Personal information
- Full name: Jason Thomas Kabia
- Date of birth: 26 May 1969 (age 57)
- Place of birth: Sutton-in-Ashfield, England
- Position: Striker

Senior career*
- Years: Team / Apps / (Gls)
- Oakham United
- 1991–1993: Lincoln City / 28 / (4)
- 1992: → Doncaster Rovers (loan) / 5 / (0)
- 1993–1995: Valletta
- 1995–1997: Gainsborough Trinity
- 1997–1998: Cork City /  / (7)
- 1998–1999: Waterford United /  / (1)
- 1999–2000: Galway United
- 2000–2001: Kilkenny City
- 2001–2002: Cobh Ramblers

= Jason Kabia =

English footballer

Jason Thomas Kabia (born 26 May 1969) is an English former professional footballer who played as a striker.

==Career==
Born in Sutton-in-Ashfield, Kabia played non-league football with Oakham United, before spending two seasons in the Football League with Lincoln City, making a total of 28 league appearances.

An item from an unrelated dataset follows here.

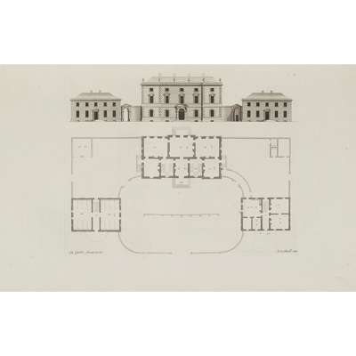 A Book of Architecture, containing Designs of Buildings and Ornaments. London: 1728. First edition, large folio, [4], 28; 150 engraved plates, occasional dampstaining, mostly marginal, tear to final plate with 15cm tear repaired, 19th century half calf, marbled sides, worn, covers detached, bookplate of Lenygon & Co. Ltd, 31 Old Burlington Street, London W.
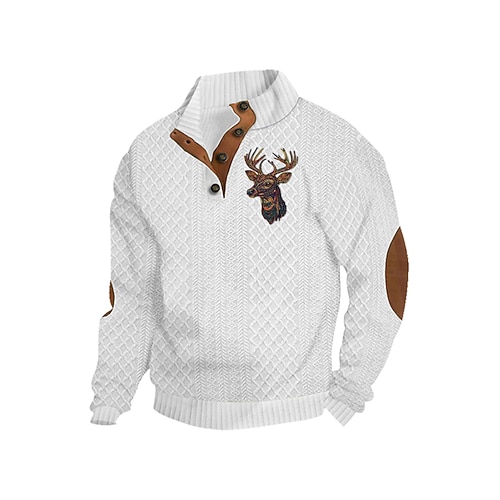Per uomo Maglia Nero Bianco Vino Blu marino Blu Colletto Mao Renna Jacquard Patchwork Quotidiano Ferie Uscire Poliestere Streetwear Casual Autunno Inverno Abbigliamento Felpe con cappuccio Felpe

While at Lincoln, Kabia also spent a loan spell at Doncaster Rovers, making five league appearances. Kabia later played in Malta for Valletta, in English non-league football for Gainsborough Trinity, and in the Republic of Ireland for a number of clubs including Cork City, Galway United, Waterford United, Kilkenny City. In July 2001 he moved to Cobh Ramblers.

==Personal life==
He is the father of Jaze Kabia, who is also a professional footballer.